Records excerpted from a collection

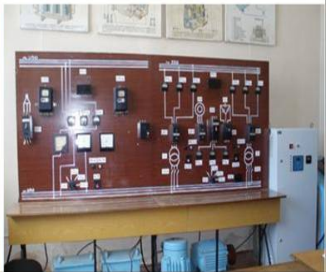
Лабораторія типового електроприводу підприємств нафтогазової промисловості
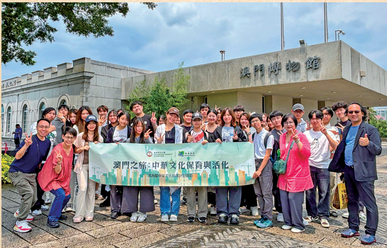
■澳門之旅以參觀「澳門博物館」作結，師生們大合照留念
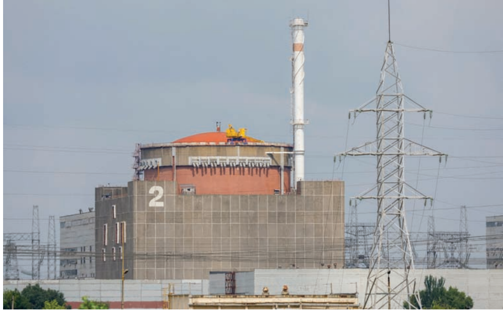
محطة زابوريجيا النووية

تبادلت موسكو وكييف الاتهامات بالإعداد لنش هجوم وشيك على محطة زابوريجيا للطاقة النووية في جنوب أوكرانيا في كارثة قد تنتشر التلوث الإشعاعي على مساحة كبيرة من القارة وتحتوي على ستة مفاعلات. وقال الرئيس الأوكراني فولوديمير زيلينسكي إن جهاز استخباراته تلقى معلومات «تفيد بأن الجيش الروسي وضع أشياء تشبه المتفجرات على أسطح العديد من وحدات المفاعل». وبدوره حذر الكرملين أمس الأربعاء من «عمل تخريبي» أوكراني محتمل تكون دواعياته «كارثية» على المحطة. وقال دميتري بيسكوف المتحدث باسم الكرملين للصحافيين إن تبعات أي تخريب للمحطة النووية قد تكون كارثية. وقال بيسكوف، كما نقلت عنه «رويترز»: «الوضع يشوبه حالة من التوتر الشديد لأن هناك بالفعل تهديداً بنوع من التخريب من جانب نظام كريف، وقد يسفر ذلك عن عواقب قد تكون كارثية». وتابع قائلا: «أوضح نظام كريف مرارا استعدادة لفعل أي شيء، لذلك جرى اتخاذ كل الإجراءات اللازمة للتصدي لهذا التهديد». ولم يقدم دليلاً يدعم تأكيد وجود تهديد أوكراني.
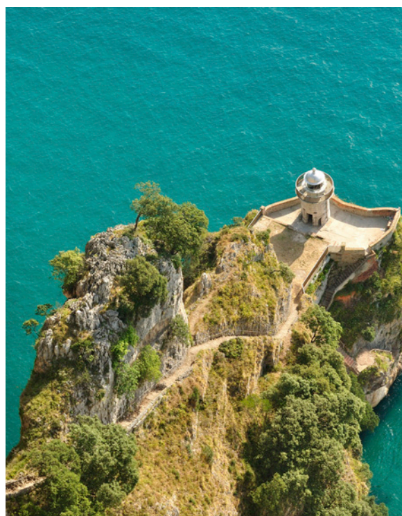
▲ 卡瓦斯灯塔 坎塔布里亚的桑多尼亚

在这几个月里，大自然在漫长的冬季过后复苏。准备在阿斯图里亚斯的自然公园来一次真正的冒险，寻找棕熊和其他野生动物的踪迹。在索米耶多（Somiedo）或者福恩德斯德纳尔赛阿（Fuentes de Narcea）公园壮观的景色中找到它，体验一次难忘的经历。
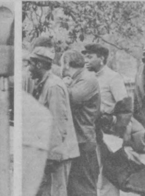
Каждый год в День благодарения в Лайфайт-парке...
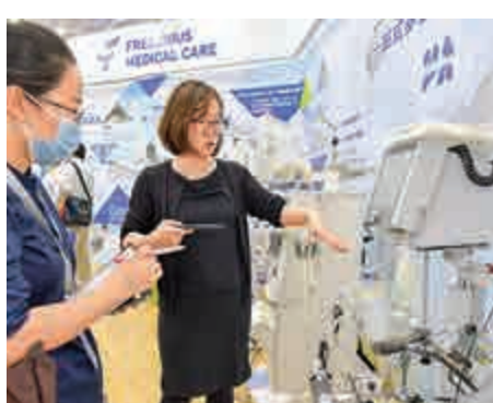
▲在海南博鰲樂城「永不落幕」國際創新藥械展上，德國費森尤斯公司工作人員介紹新款人工肺
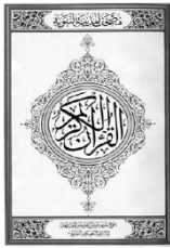
This is a well known and common mushâf of the Qur'an printed in the Saudi Arabia. They have adopted the Hafs Qirâ'a.

ይህኛው የቁርአን ቅጅ በኢራቅ በኩፋህ የአረብኛ ዝቅ የተዘጋጀ ቁርአን ነው። ኢማም አሲም አል-ኩፊ /127 ሂ የሞተ/ በሚባሉ ኢራቃዊ ሰው የተላለፈ የቁርአን ቅጅ ነው። ይህኛውም የከሊፋ ኡስማንን ተግባር ይቃረናል፤ በመጽሐፍ መልክ ያተዘጋጀው ደግሞ የእኒህ ሰው ተማሪ የሆነው የተባለ ሰው ነው። ይህ ቅጅ በሳውዲ አረብያ የሚታተመውና አብዛኛው ሙስሊም የሚጠቀምበት የቁርአን ቅጂ ነው። በእኔ ምናልባት እርስዎም ቁርአን ካለው ት በርስዎም እጅ የሚገኘው ቁርአን ማለት ነው።
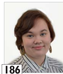
186 Huhta Kaisla opiskelija

> _Your task_
All of the data must be set down exactly, with no pictures included.

> _Written response_
Лабораторія типового електроприводу підприємств нафтогазової промисловості
■澳門之旅以參觀「澳門博物館」作結，師生們大合照留念
محطة زابوريجيا النووية

تبادلت موسكو وكييف الاتهامات بالإعداد لنش هجوم وشيك على محطة زابوريجيا للطاقة النووية في جنوب أوكرانيا في كارثة قد تنتشر التلوث الإشعاعي على مساحة كبيرة من القارة وتحتوي على ستة مفاعلات. وقال الرئيس الأوكراني فولوديمير زيلينسكي إن جهاز استخباراته تلقى معلومات «تفيد بأن الجيش الروسي وضع أشياء تشبه المتفجرات على أسطح العديد من وحدات المفاعل». وبدوره حذر الكرملين أمس الأربعاء من «عمل تخريبي» أوكراني محتمل تكون دواعياته «كارثية» على المحطة. وقال دميتري بيسكوف المتحدث باسم الكرملين للصحافيين إن تبعات أي تخريب للمحطة النووية قد تكون كارثية. وقال بيسكوف، كما نقلت عنه «رويترز»: «الوضع يشوبه حالة من التوتر الشديد لأن هناك بالفعل تهديداً بنوع من التخريب من جانب نظام كريف، وقد يسفر ذلك عن عواقب قد تكون كارثية». وتابع قائلا: «أوضح نظام كريف مرارا استعدادة لفعل أي شيء، لذلك جرى اتخاذ كل الإجراءات اللازمة للتصدي لهذا التهديد». ولم يقدم دليلاً يدعم تأكيد وجود تهديد أوكراني.
▲ 卡瓦斯灯塔 坎塔布里亚的桑多尼亚

在这几个月里，大自然在漫长的冬季过后复苏。准备在阿斯图里亚斯的自然公园来一次真正的冒险，寻找棕熊和其他野生动物的踪迹。在索米耶多（Somiedo）或者福恩德斯德纳尔赛阿（Fuentes de Narcea）公园壮观的景色中找到它，体验一次难忘的经历。
Каждый год в День благодарения в Лайфайт-парке...
▲在海南博鰲樂城「永不落幕」國際創新藥械展上，德國費森尤斯公司工作人員介紹新款人工肺
This is a well known and common mushâf of the Qur'an printed in the Saudi Arabia. They have adopted the Hafs Qirâ'a.

ይህኛው የቁርአን ቅጅ በኢራቅ በኩፋህ የአረብኛ ዝቅ የተዘጋጀ ቁርአን ነው። ኢማም አሲም አል-ኩፊ /127 ሂ የሞተ/ በሚባሉ ኢራቃዊ ሰው የተላለፈ የቁርአን ቅጅ ነው። ይህኛውም የከሊፋ ኡስማንን ተግባር ይቃረናል፤ በመጽሐፍ መልክ ያተዘጋጀው ደግሞ የእኒህ ሰው ተማሪ የሆነው የተባለ ሰው ነው። ይህ ቅጅ በሳውዲ አረብያ የሚታተመውና አብዛኛው ሙስሊም የሚጠቀምበት የቁርአን ቅጂ ነው። በእኔ ምናልባት እርስዎም ቁርአን ካለው ት በርስዎም እጅ የሚገኘው ቁርአን ማለት ነው።
186 Huhta Kaisla opiskelija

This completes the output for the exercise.